Joe Nuttall

Personal information
- Full name: Joseph Andre Nuttall
- Date of birth: 27 January 1997 (age 29)
- Place of birth: Bury, England
- Height: 1.82 m (6 ft 0 in)
- Position: Striker

Team information
- Current team: Morecambe
- Number: 21

Youth career
- 2013–2015: Manchester City

Senior career*
- Years: Team / Apps / (Gls)
- 2015–2017: Aberdeen / 2 / (0)
- 2016–2017: → Stranraer (loan) / 9 / (2)
- 2017: → Dumbarton (loan) / 2 / (0)
- 2017–2019: Blackburn Rovers / 28 / (4)
- 2019–2022: Blackpool / 27 / (2)
- 2020–2021: → Northampton Town (loan) / 1 / (0)
- 2022: Scunthorpe United / 36 / (11)
- 2022–2025: Oldham Athletic / 35 / (8)
- 2024: → Cheltenham Town (loan) / 16 / (2)
- 2024–2025: → Altrincham (loan) / 26 / (4)
- 2025–: Morecambe / 0 / (0)

International career^{‡}
- 2023–: England C / 1 / (0)

= Joe Nuttall =

English footballer

Joseph Andre Nuttall (born 27 January 1997) is an English professional footballer who plays as a striker for Morecambe. He has previously played for Aberdeen, Stranraer, Dumbarton, Blackburn Rovers, Blackpool, Northampton Town, Scunthorpe United and Cheltenham Town.

==Career==
===Manchester City===
Nuttall began his career in the Manchester City academy in 2013.

===Aberdeen===
During the summer of 2015, Aberdeen completed the signing of the then-teenage Nuttall on a two-year deal. A product of the City youth academy, he first spent a spell training with the club at the end of the 2014–15 season. He made his debut for the Dons' U-20s against Dundee United on 1 September 2015. He scored his first goal in the Youth Cup win over Fraserburgh at Pittodrie, and later scored against Inverness Caledonian Thistle.

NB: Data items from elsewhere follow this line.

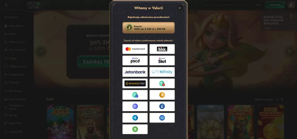 Kasyno Herospin oferuje polskim graczom szeroki wachlarz metod płatności, umożliwiając wygodne i szybkie transakcje. Dostępnych jest 17 metod wpłat oraz 15 opcji wypłat, z przewagą kryptowalut – aż 10 różnych opcji. Co ważne, wypłaty w kasynie Herospin są dostępne dopiero po dokonaniu depozytu.
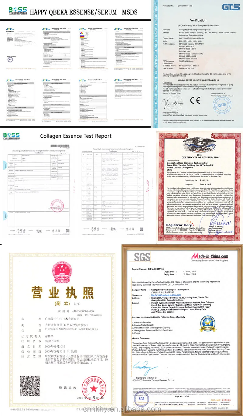Certificate | Our Factory With certificates GMPC AND ISO 22716. PRODUCT WITH MSDS,100% pure natural Collagen serum to keep face moisturizing without chemical additives. |
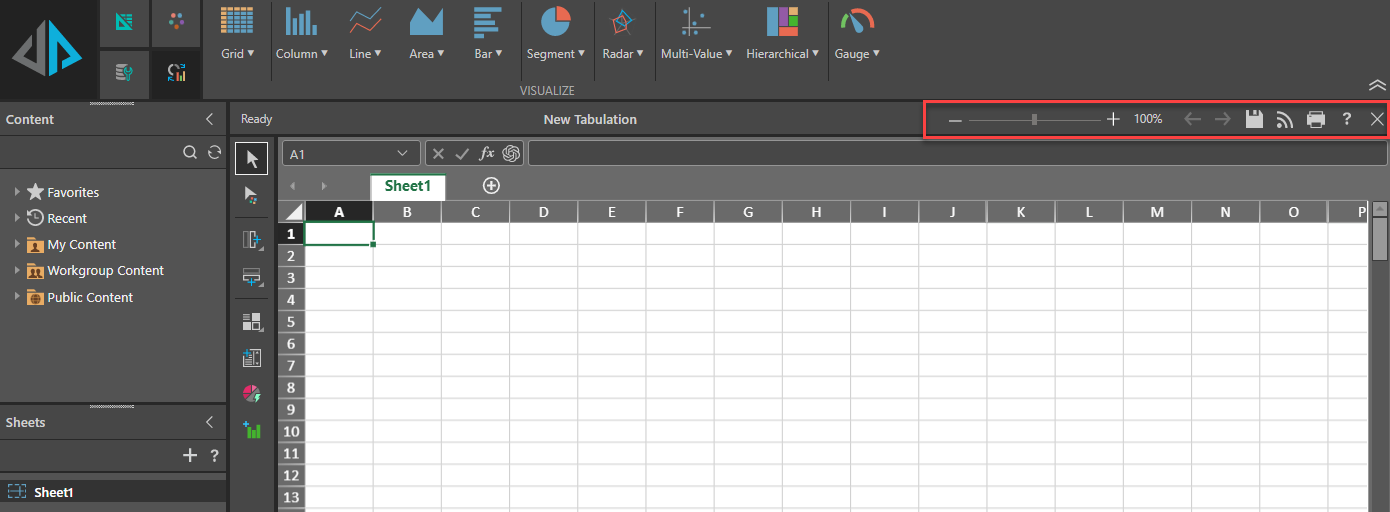 - Zoom (+ slider -): Use the Zoom Slider to either get a more close-up view of your canvas or to see more on the canvas at a reduced size. Note: In Tabulate, the zoom slider only affects the content in the sheet and does not affect your associated visualizations. For more information, see Zoom in or out of a sheet
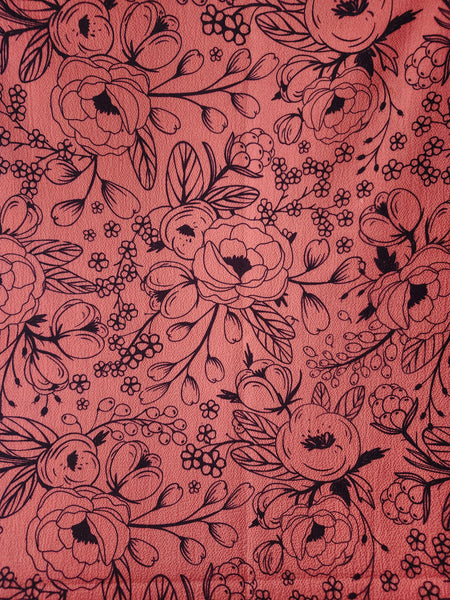 New *Exclusive Design* Rouge Pink with Black Outline Floral▪︎Bubble Crepe

Nuttall made his professional debut for Aberdeen as an 81st-minute substitute in a league match against Heart of Midlothian on 16 May 2016.

====Loan spells====

On 10 November 2016, Nuttall moved to Stranraer on a 28-day loan. He scored on his debut for the club in a 3–2 loss to Albion Rovers and then scored again in a 3–1 win against Stenhousemuir. On 6 December 2016, Stranraer extended his loan deal until 18 January. After returning to Aberdeen he joined Dumbarton on 31 March 2017, on an emergency loan until the end of the season. Nuttall's contract expired in May 2017, resulting in his leaving Aberdeen without making any significant impact in the first team.

===Blackburn Rovers===
On 11 July, Nuttall joined Blackburn Rovers on trial, and played in a pre-season Rovers development team game against Darwen; he scored a hat-trick in a 5–0 Rovers victory. The next week he scored two goals for the Rovers development team against Ramsbottom United. Nuttall made his senior first-team debut coming on as a substitute in the second half of a pre-season game against Morecambe on 21 July 2017. The next day, Blackburn announced he had signed a 12-month contract with an option for a further 12 months.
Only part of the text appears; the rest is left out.